After a couple of weeks spent on fundraising research and crunching numbers on previous years’ Sustainable Trails data, last week I was beyond excited to corral all of my camping gear and head out to the woods. It was an incredible and productive week of establishing relationships with organizations that may help CFI achieve its aims in the future and setting up trail counters to expand our trail-use research. I could write a novel about the fantastic views of icy peaks, the first buds of the wildflowers, and the scores of wild animals we encountered along the way and still not do the experience justice. However, I would also describe this trip as something of a rust-buster for all involved, and since tales of mishaps are much more fun anyways, I will instead provide a chronicle of our most significant face-palm moments.
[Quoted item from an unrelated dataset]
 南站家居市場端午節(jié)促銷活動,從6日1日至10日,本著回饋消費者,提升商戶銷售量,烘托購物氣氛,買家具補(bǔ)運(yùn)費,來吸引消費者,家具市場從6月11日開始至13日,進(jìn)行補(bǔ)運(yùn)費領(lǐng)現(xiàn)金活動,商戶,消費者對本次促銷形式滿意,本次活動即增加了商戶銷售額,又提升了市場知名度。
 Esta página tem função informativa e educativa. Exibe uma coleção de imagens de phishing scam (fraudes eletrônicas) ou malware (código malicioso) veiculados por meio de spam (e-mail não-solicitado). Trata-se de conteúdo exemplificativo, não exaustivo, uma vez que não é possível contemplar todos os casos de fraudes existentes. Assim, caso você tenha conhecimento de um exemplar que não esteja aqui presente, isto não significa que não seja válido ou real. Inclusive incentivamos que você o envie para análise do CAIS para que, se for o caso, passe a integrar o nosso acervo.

Benefits of car camping: oh the space! The flexibility! The organization! When everything doesn’t have to fit into one small pack, and especially when the expansive back of a truck is at your disposal, it seems practically negligent not to bring along a host of creature comforts. A massive memory foam pillow (Brian): Sure! A dozen clamshells of berries (Lloyd): Why not?
Disadvantages of car camping: when you have 15+ containers for all of your different supplies, especially when you are switching between vehicles, it is all too easy for one of those containers to get left behind. We learned this the hard way when the temperature started to drop the first night and Brian returned from the truck with a concerned expression to announce that the bag with his pants and long-sleeves was nowhere to be found.
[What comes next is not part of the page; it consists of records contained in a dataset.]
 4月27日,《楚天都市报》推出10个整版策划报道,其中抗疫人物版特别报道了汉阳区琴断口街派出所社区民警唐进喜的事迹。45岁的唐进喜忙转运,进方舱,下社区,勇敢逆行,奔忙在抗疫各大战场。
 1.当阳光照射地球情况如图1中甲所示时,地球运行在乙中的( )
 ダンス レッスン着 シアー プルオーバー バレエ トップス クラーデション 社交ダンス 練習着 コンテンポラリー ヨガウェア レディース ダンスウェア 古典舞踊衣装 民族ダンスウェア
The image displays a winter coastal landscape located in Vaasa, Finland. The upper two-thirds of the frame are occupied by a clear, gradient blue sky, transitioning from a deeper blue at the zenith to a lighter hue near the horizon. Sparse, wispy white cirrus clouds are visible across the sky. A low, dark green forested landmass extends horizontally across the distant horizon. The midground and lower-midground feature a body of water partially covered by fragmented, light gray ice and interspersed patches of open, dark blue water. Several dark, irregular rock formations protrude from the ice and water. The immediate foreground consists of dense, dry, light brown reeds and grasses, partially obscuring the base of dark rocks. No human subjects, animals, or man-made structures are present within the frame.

Now under most circumstances shorts in a Colorado summer would be far from a hardship, but from trip reports we knew that our next day’s destination, American Basin, was still buried under snowshoe/ice axe levels of snow. Where there is a will there’s a way however, and with a donated long-sleeve from Lloyd and a sturdy pair of tall gaiters our intrepid Communications and Development Coordinator made it through the harsher conditions of the week with good grace.
Our foray up Redcloud/Sunshine was something of an emotional roller coaster. A beautiful afternoon and a snow free trail: great! An avalanche had taken out the counter cairn: bummer. A perfectly positioned tree just up the trail: fantastic! Nobody had remembered to bring the necessary parts for tree-mounting the counter: major frustration. Fortunately, as a distance runner from Colorado spending most of the year stuck in a major city, I had been itching to get a good trail run in and happily scurried back to camp to grab the necessary pieces. Running back to pick up forgotten items seems a typical intern duty, but as I trotted along through the dappled sunshine I had ample opportunity to reflect that rarely is this task carried out quite so literally, and almost never in such beautiful environs.
Whoever decided it would be a good idea to make the bag for REI Passage 2 tent poles a deep forest green, I have a bone to pick with you. I dearly love my tent—we have had many adventures together—but the small sack exactly matching the hue of a healthy spruce was just an accident waiting to happen, especially for a scatterbrained person such as myself. After a long day of hiking, running, and driving, the sensation of reaching into the tent bag at the new campsite to find only footprint, shell, and rainfly can only be described as gut-wrenching.
It was a beautiful night and in the end I enjoyed sleeping under the stars, but I’m still kicking myself for being so careless. While this was by no means my only silly intern mistake of the week, it was by far my most impressive.
As you have doubtless already gleaned, this post is aimed more towards entertainment than instruction. If some moral is required however I guess my takeaway would be this: preparation is not a box to be checked pre-departure. Instead it is a constant process of maintaining awareness of yourself, your possessions, your needs, your companions’ needs, and how those needs might change. With enough experience this doubtless becomes second nature, laughably obvious to seasoned veterans, but for newbies like myself it deserves consideration. More importantly however, when we have each other’s backs, roll with the punches, and laugh at our missteps, most things turn out ok.